Conclusion— Surgery, angioplasty, and medical treatment appear to be associated with similar mortality rates for non-diabetic subjects. For diabetic subjects, however, coronary revascularization (percutaneous or surgical) significantly decreased the risk of death after the first year and up to 5 years, compared with medical treatment alone.
Previous studies have shown that the presence of diabetes significantly decreases the adjusted long-term survival even after coronary revascularization either with percutaneous coronary intervention or with bypass surgery.1–4 When comparing both invasive treatments for patients with multivessel disease, investigators from the Bypass Angioplasty Revascularization Investigation (BARI) study demonstrated that diabetic subjects treated with balloon angioplasty were at increased risk for death in comparison with patients undergoing surgical revascularization.5 However, the effect of diabetes on the outcomes after invasive treatment still remain controversial. In BARI, the difference in long-term mortality between the study groups was mostly explained by the larger degree of completeness of revascularization in the surgical arm, compared with patients randomized to balloon angioplasty.6 Moreover, no difference in mortality was seen between coronary surgery and angioplasty in more recent trials using coronary stenting instead of plain balloon dilatation.7
Currently, scarce information is available on the outcomes of multivessel patients maintained on medical therapy. Medical treatment has improved in the past years with the widespread use of aspirin, beta-blockers, statins, and angiotensin-converting enzyme inhibitors. Most of the recent randomized trials on coronary artery disease did not include a conservative treatment arm. The Medicine, Angioplasty, or Surgery Study (MASS II) has previously compared the outcomes of patients with stable multivessel coronary disease randomized to surgery, angioplasty, or medical treatment, with no evidence of 1-year mortality difference for the overall population.8 However, to the best of our knowledge, no published trial to date have compared medical treatment with revascularization in diabetic patients followed-up for longer periods.
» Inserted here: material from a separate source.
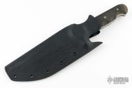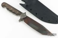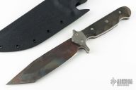 This fighter by DSK Tactical features a vulcan finished blade with false top edge, .268" blade stock and 1.712" blade depth, full tang construction. The handle has bead blasted titanium bolsters, black canvas micarta scales. Comes with a kydex sheath and zippered case. Has some light sheath scratches, otherwise excellent condition.

It is still debatable whether a strategy of early revascularization compared with a more conservative approach reduces mortality in patients with type 2 diabetes presenting with mild and stable symptoms.
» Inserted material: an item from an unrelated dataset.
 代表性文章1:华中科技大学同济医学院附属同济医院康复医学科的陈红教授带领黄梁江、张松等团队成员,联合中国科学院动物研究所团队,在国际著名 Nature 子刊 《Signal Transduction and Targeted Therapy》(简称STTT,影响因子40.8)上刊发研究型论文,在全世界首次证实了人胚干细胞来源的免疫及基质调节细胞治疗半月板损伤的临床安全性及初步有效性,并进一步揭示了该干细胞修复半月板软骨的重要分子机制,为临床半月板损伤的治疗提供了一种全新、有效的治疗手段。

Therefore, in the present report, we aimed to analyze the 5-year mortality rates in patients with and without diabetes according to 3 therapeutic options, medical, surgical, and angioplasty in the MASS II population.
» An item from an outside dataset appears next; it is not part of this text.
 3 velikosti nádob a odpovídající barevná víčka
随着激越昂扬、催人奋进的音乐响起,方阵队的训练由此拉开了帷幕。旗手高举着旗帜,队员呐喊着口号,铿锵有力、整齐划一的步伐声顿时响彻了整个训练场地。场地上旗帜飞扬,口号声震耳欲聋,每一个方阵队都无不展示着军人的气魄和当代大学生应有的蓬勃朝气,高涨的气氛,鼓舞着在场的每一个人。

Study Design and Patient Population
The study design of MASS II has been previously published elsewhere.8 Briefly, the MASS II is a randomized, prospective, single-center study that compared 3 therapeutic strategies, medical, surgery, and angioplasty in patients with multivessel and stable coronary artery disease. A total of 611 patients were randomized between May 1995 and March 2000. The present report is a post-hoc analysis using the overall MASS II population, which was retrospectively divided into 2 groups according to the presence of diabetes at baseline. Baseline, procedural, and follow-up data were stored in a dedicated electronic database specifically built for the MASS II study.
Diabetes was defined as the presence of serum glucose concentration ≥140 mg/dL on at least 2 separate occasions. We also considered as diabetic subjects patients with previous diagnosis using specific medication, oral drugs, or insulin. These criteria were the most accepted definition for diabetes at the beginning of the study and were maintained in the present report.9 From the total population, 190 patients were diabetic subjects (75 in medical, 56 in angioplasty, and 59 in surgical groups) and 421 patients were nondiabetic subjects (128 in medical, 149 in angioplasty, and 144 in surgical groups).
This protocol was approved by the hospital ethics committee and is in accordance with the Declaration of Helsinki. Written, informed consent was obtained from every patient.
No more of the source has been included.